I am trying to determine how to find the accuracy of a LMM. Specifically the BDF2 method, $$y_{n+2}-\frac{4}{3}y_{n+1}+\frac{1}{3}y_n=\frac{2}{3}kf_{n+2}$$ for solving the problem $y'=f(y,x),y(0)=n$ where f is Lipshitz continuous.
I was able to show it was consistent using the characteristic polynomials, but I am not sure how to find the order of accuracy in general for LMM.
Any help on this would be much appreciated. I know how to do this for 1 step methods, but I am struggling on this two step one.

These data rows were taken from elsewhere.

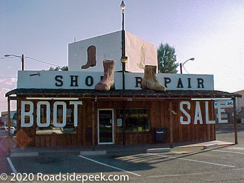 Here is what appears to be an old Shoe Repair business in Yuma, Arizona. The place also appears to sell boots. Note sure if this shoe repair is still in business as this photo was taken in 1998.
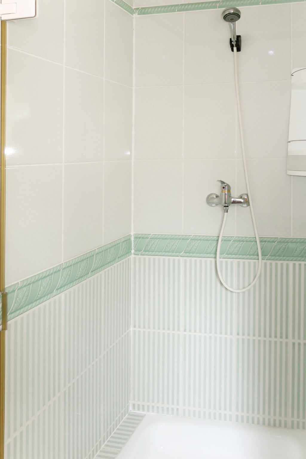 1 chambre avec 2 lits (95 cm, longueur 195 cm), bain/WC.
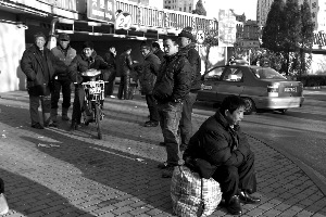 11日,六里桥下西南角,农民工聚在一起等着找工作。本报记者 孙纯霞 摄
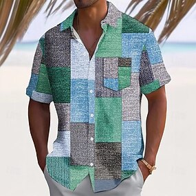 男性用 幾何学模様 カラーブロック パッチワーク シャツ サマーシャツ ボタンアップシャツ 半袖 ファッションカジュアル バケーション 祝日 ストリートウェア 夏 折襟 3Dプリント フロントポケット1つ リネンライクシャツ ブルー グリーン グレー
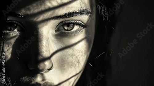 Portrait of a Young Girl with Shadow on Her Face, Perfect for Editorial or Commercial Use Generative AI
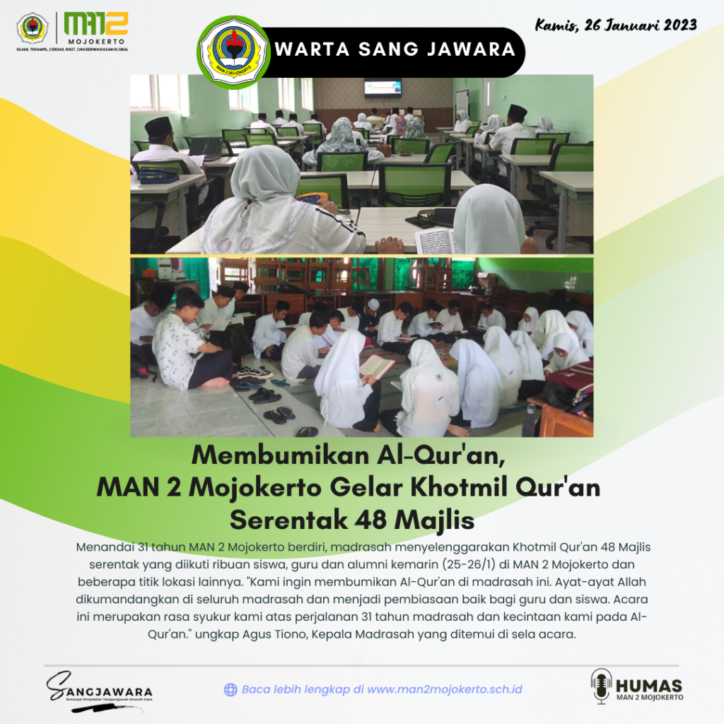 Kab. Mojokerto (MAN 2 Mojokerto) Menandai 31 tahun MAN 2 Mojokerto berdiri, madrasah menyelenggarakan Khotmil Qur’an 48 Majlis serentak yang diikuti ribuan siswa, guru dan alumni kemarin (25-26/1) di MAN 2 Mojokerto dan beberapa titik lokasi lainnya.
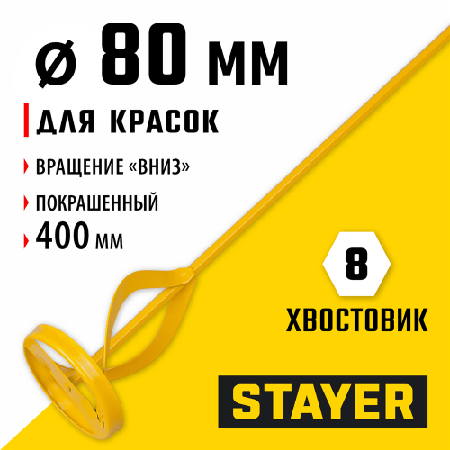 STAYER 80 х 400 мм, шестигранный хвостовик, металлический миксер для красок (06019-08-40)
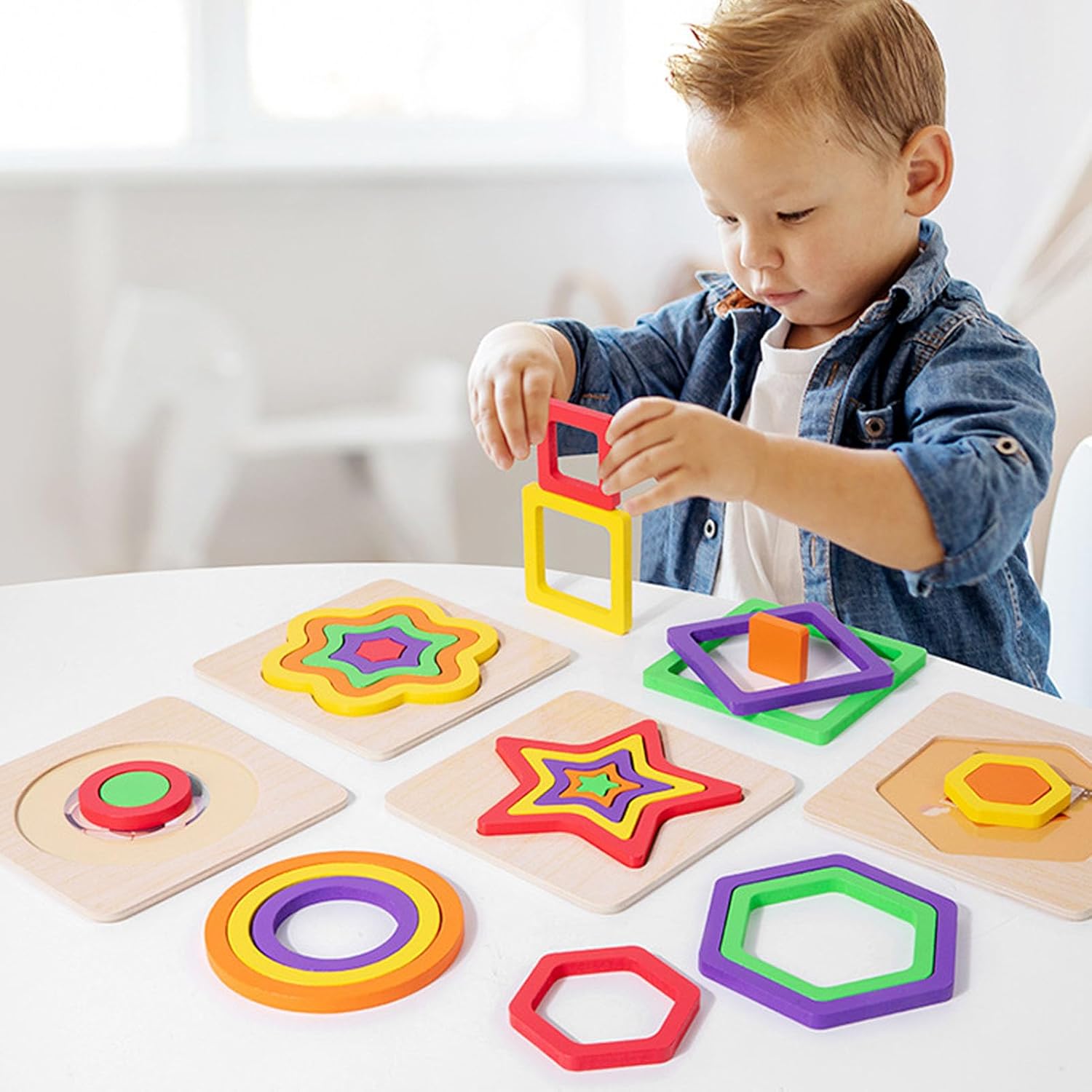 [Apprendimento vibrante] Il kit include 6 diverse forme in colori vivaci, migliorando la percezione del colore e le capacità di osservazione per i bambini piccoli. [Coordinamento potenziato] Migliora il coordinamento e la destrezza mentre i bambini mettono insieme forme, preparandole per compiti più complessi con questo giocattolo in legno. [Divertimento per la risoluzione dei problemi] promuove le capacità di risoluzione dei problemi, lo sviluppo cognitivo e l'apprendimento attraverso la ripetizione e l'osservazione, rendendo l'istruzione divertente per i bambini. [Promuove il legame familiare] incoraggia l'interazione genitore-figlio attraverso il gioco condiviso, rafforzando le relazioni e creando esperienze collaborative a casa e in età prescolare. [Sicuro e durevole] realizzato in legno di basso, fornendo un'opzione per neonati e bambini, con una costruzione robusta per il tempo di gioco di lunga durata.

Let $a_i$ be the coefficient of $y_{n+i}$ and $b_i$ be the coefficient of $f_{n+i}$, where $i \in \{0,\dots,k\} = \{0,1,2\}$. Then, define $d_j = \sum_{i=0}^k \frac{i^j}{j!}a_i - \frac{i^{j-1}}{(j-1)!}b_i$, $d_0 = \sum_{i=0}^k a_i$. Then, the least $j$ such that $d_j\neq 0$ is the order of the method.
Edit: To specify, if $k$ is the step size, then the error is $\mathcal{O}(k^j)$ where $j$ is the smallest number such that $d_j\neq 0$, as above. Some consider this to mean $j$ is the order of the method, while others consider $j-1$ to be the order. Consult your text/professor for clarification.